INFORMATION SUPPLIED »
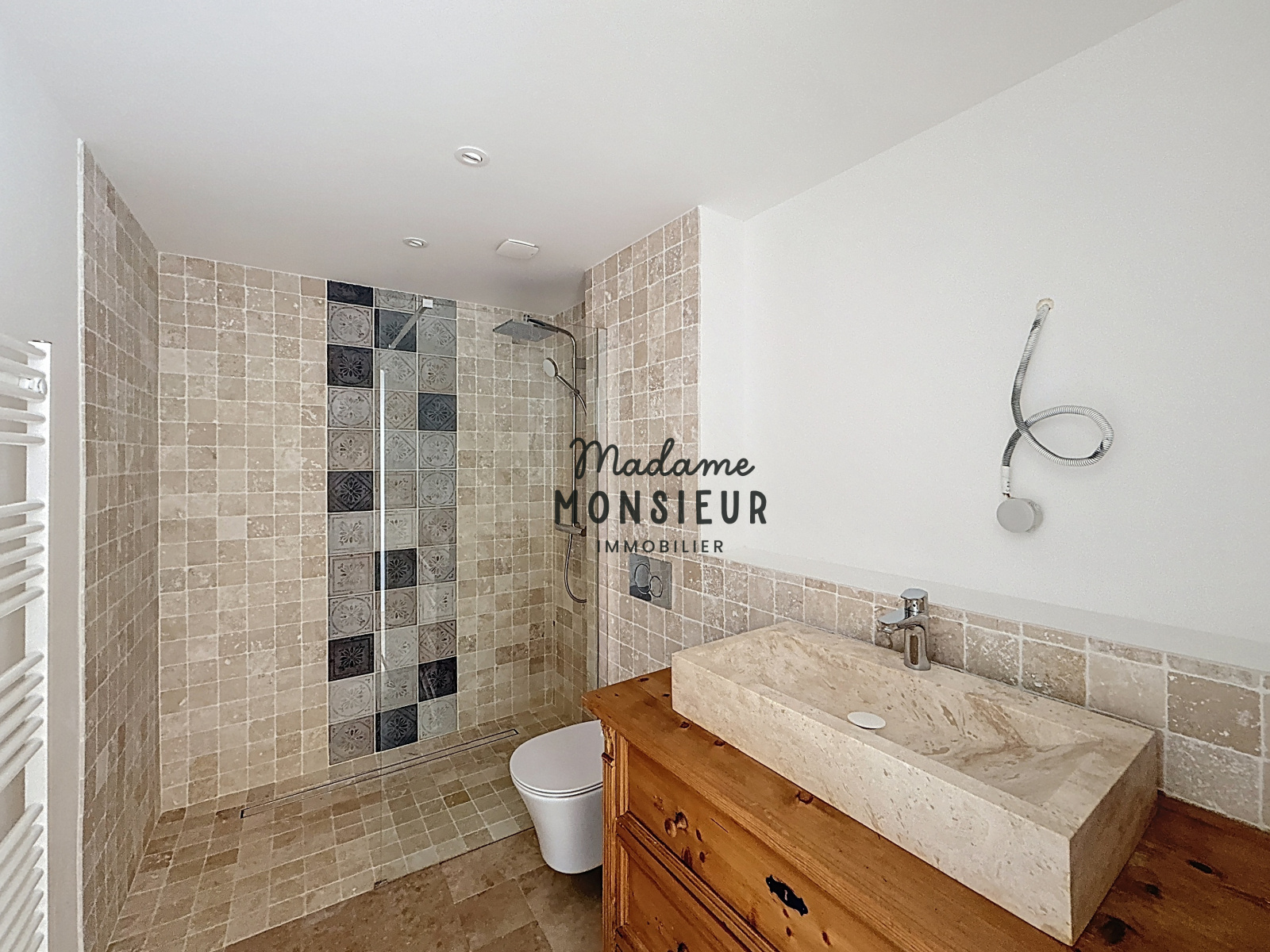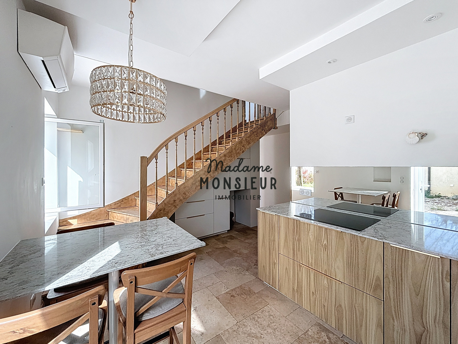 Elle se compose au rez-de-chaussée d’une pièce de vie lumineuse mettant en valeur une belle cheminée ancienne, ainsi que d’une cuisine ouverte, entièrement équipée et récemment installée. Une salle d’eau avec WC complète ce niveau.
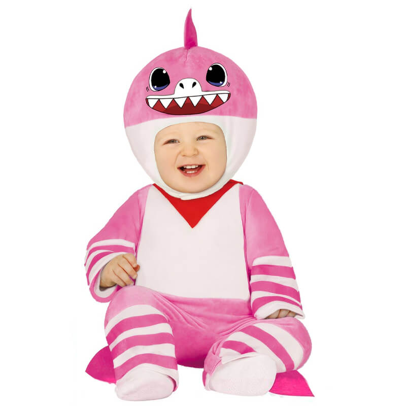 Fato Tubarão Rosa. Inclui: Macacão. Cabeça e Lenço.
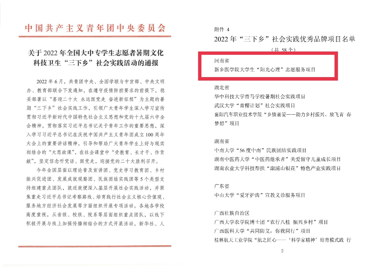 我院大学生“阳光心理”志愿服务项目获2022年全国 “三下乡”社会实践活动优秀品牌项目。全国共58项,我校为全省唯一获此荣誉的高校。同时,该项目获2022 年全省暑期“三下乡”社会实践活动优秀品牌项目。

EXERCISE » Repeat the material exactly, without images.

RESULT OF THIS EXERCISE »
 Elle se compose au rez-de-chaussée d’une pièce de vie lumineuse mettant en valeur une belle cheminée ancienne, ainsi que d’une cuisine ouverte, entièrement équipée et récemment installée. Une salle d’eau avec WC complète ce niveau.
 Fato Tubarão Rosa. Inclui: Macacão. Cabeça e Lenço.
 我院大学生“阳光心理”志愿服务项目获2022年全国 “三下乡”社会实践活动优秀品牌项目。全国共58项,我校为全省唯一获此荣誉的高校。同时,该项目获2022 年全省暑期“三下乡”社会实践活动优秀品牌项目。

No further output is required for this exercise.